Task description: Verbatim copy, images excluded: write out each record shown below.

◇ ◇ ◇ ◇ ◇

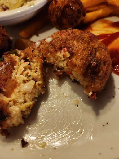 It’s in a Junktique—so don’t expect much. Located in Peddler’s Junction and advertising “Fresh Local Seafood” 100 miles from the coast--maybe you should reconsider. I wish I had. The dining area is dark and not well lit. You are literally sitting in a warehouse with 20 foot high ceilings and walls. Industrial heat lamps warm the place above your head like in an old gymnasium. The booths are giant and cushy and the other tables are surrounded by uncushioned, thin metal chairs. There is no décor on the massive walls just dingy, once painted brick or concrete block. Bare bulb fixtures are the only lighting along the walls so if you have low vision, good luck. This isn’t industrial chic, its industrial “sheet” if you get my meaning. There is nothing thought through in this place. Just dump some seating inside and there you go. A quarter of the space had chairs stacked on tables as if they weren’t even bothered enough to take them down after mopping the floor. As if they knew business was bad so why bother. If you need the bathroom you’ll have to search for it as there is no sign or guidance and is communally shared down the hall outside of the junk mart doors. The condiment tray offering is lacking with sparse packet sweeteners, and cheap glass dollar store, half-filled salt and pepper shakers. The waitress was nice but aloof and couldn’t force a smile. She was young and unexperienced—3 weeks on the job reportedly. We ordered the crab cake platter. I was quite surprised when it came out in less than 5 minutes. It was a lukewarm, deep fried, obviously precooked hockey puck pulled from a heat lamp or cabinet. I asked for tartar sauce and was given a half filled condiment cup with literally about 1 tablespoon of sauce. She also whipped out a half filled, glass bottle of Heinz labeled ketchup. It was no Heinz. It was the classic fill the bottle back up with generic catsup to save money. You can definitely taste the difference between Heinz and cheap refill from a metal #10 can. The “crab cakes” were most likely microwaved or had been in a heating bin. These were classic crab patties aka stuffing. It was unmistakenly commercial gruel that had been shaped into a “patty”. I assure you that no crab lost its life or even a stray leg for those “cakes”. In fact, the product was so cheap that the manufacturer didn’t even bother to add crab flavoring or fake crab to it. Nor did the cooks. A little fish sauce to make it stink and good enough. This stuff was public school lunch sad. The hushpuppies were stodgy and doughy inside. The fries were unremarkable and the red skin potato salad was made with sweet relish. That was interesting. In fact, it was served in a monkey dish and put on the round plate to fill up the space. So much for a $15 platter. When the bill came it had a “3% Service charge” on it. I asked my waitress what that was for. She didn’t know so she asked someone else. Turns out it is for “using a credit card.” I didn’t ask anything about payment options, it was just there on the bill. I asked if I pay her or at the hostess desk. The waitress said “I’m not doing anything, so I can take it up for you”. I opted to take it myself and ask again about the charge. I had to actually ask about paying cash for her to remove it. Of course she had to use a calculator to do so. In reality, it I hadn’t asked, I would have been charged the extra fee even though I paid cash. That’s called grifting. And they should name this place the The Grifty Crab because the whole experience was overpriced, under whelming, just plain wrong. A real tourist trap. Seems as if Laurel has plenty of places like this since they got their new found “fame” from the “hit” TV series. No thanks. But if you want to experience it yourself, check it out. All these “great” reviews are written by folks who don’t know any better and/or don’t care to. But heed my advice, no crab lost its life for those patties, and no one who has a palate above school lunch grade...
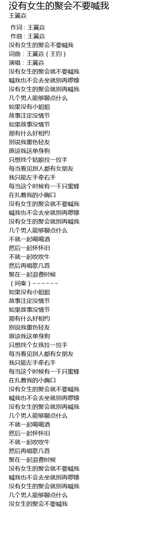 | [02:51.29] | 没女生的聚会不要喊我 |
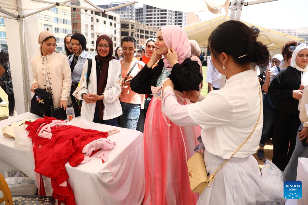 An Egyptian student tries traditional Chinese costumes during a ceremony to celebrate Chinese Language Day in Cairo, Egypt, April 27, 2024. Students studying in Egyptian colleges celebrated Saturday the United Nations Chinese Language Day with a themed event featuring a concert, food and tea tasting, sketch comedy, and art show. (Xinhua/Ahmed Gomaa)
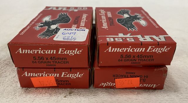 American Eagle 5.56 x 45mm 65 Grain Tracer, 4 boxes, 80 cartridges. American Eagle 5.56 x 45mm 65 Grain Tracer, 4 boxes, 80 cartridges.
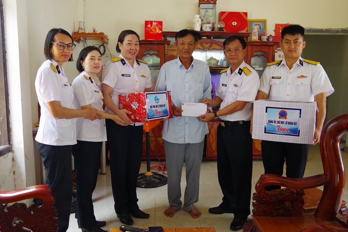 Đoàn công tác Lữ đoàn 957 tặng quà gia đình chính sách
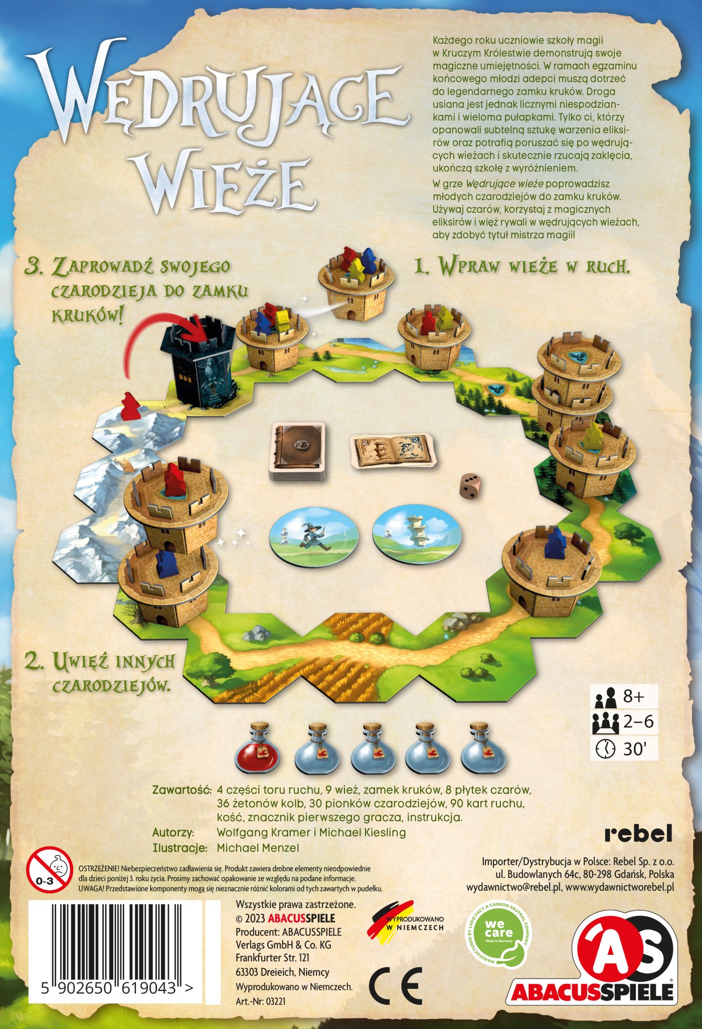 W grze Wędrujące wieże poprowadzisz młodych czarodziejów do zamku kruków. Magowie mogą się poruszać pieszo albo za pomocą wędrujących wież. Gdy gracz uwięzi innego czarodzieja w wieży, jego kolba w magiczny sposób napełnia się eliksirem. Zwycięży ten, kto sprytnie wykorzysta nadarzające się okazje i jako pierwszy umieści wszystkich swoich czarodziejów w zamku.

◇ ◇ ◇ ◇ ◇

Completed exercise:
 It’s in a Junktique—so don’t expect much. Located in Peddler’s Junction and advertising “Fresh Local Seafood” 100 miles from the coast--maybe you should reconsider. I wish I had. The dining area is dark and not well lit. You are literally sitting in a warehouse with 20 foot high ceilings and walls. Industrial heat lamps warm the place above your head like in an old gymnasium. The booths are giant and cushy and the other tables are surrounded by uncushioned, thin metal chairs. There is no décor on the massive walls just dingy, once painted brick or concrete block. Bare bulb fixtures are the only lighting along the walls so if you have low vision, good luck. This isn’t industrial chic, its industrial “sheet” if you get my meaning. There is nothing thought through in this place. Just dump some seating inside and there you go. A quarter of the space had chairs stacked on tables as if they weren’t even bothered enough to take them down after mopping the floor. As if they knew business was bad so why bother. If you need the bathroom you’ll have to search for it as there is no sign or guidance and is communally shared down the hall outside of the junk mart doors. The condiment tray offering is lacking with sparse packet sweeteners, and cheap glass dollar store, half-filled salt and pepper shakers. The waitress was nice but aloof and couldn’t force a smile. She was young and unexperienced—3 weeks on the job reportedly. We ordered the crab cake platter. I was quite surprised when it came out in less than 5 minutes. It was a lukewarm, deep fried, obviously precooked hockey puck pulled from a heat lamp or cabinet. I asked for tartar sauce and was given a half filled condiment cup with literally about 1 tablespoon of sauce. She also whipped out a half filled, glass bottle of Heinz labeled ketchup. It was no Heinz. It was the classic fill the bottle back up with generic catsup to save money. You can definitely taste the difference between Heinz and cheap refill from a metal #10 can. The “crab cakes” were most likely microwaved or had been in a heating bin. These were classic crab patties aka stuffing. It was unmistakenly commercial gruel that had been shaped into a “patty”. I assure you that no crab lost its life or even a stray leg for those “cakes”. In fact, the product was so cheap that the manufacturer didn’t even bother to add crab flavoring or fake crab to it. Nor did the cooks. A little fish sauce to make it stink and good enough. This stuff was public school lunch sad. The hushpuppies were stodgy and doughy inside. The fries were unremarkable and the red skin potato salad was made with sweet relish. That was interesting. In fact, it was served in a monkey dish and put on the round plate to fill up the space. So much for a $15 platter. When the bill came it had a “3% Service charge” on it. I asked my waitress what that was for. She didn’t know so she asked someone else. Turns out it is for “using a credit card.” I didn’t ask anything about payment options, it was just there on the bill. I asked if I pay her or at the hostess desk. The waitress said “I’m not doing anything, so I can take it up for you”. I opted to take it myself and ask again about the charge. I had to actually ask about paying cash for her to remove it. Of course she had to use a calculator to do so. In reality, it I hadn’t asked, I would have been charged the extra fee even though I paid cash. That’s called grifting. And they should name this place the The Grifty Crab because the whole experience was overpriced, under whelming, just plain wrong. A real tourist trap. Seems as if Laurel has plenty of places like this since they got their new found “fame” from the “hit” TV series. No thanks. But if you want to experience it yourself, check it out. All these “great” reviews are written by folks who don’t know any better and/or don’t care to. But heed my advice, no crab lost its life for those patties, and no one who has a palate above school lunch grade...
 | [02:51.29] | 没女生的聚会不要喊我 |
 An Egyptian student tries traditional Chinese costumes during a ceremony to celebrate Chinese Language Day in Cairo, Egypt, April 27, 2024. Students studying in Egyptian colleges celebrated Saturday the United Nations Chinese Language Day with a themed event featuring a concert, food and tea tasting, sketch comedy, and art show. (Xinhua/Ahmed Gomaa)
 American Eagle 5.56 x 45mm 65 Grain Tracer, 4 boxes, 80 cartridges. American Eagle 5.56 x 45mm 65 Grain Tracer, 4 boxes, 80 cartridges.
 Đoàn công tác Lữ đoàn 957 tặng quà gia đình chính sách
 W grze Wędrujące wieże poprowadzisz młodych czarodziejów do zamku kruków. Magowie mogą się poruszać pieszo albo za pomocą wędrujących wież. Gdy gracz uwięzi innego czarodzieja w wieży, jego kolba w magiczny sposób napełnia się eliksirem. Zwycięży ten, kto sprytnie wykorzysta nadarzające się okazje i jako pierwszy umieści wszystkich swoich czarodziejów w zamku.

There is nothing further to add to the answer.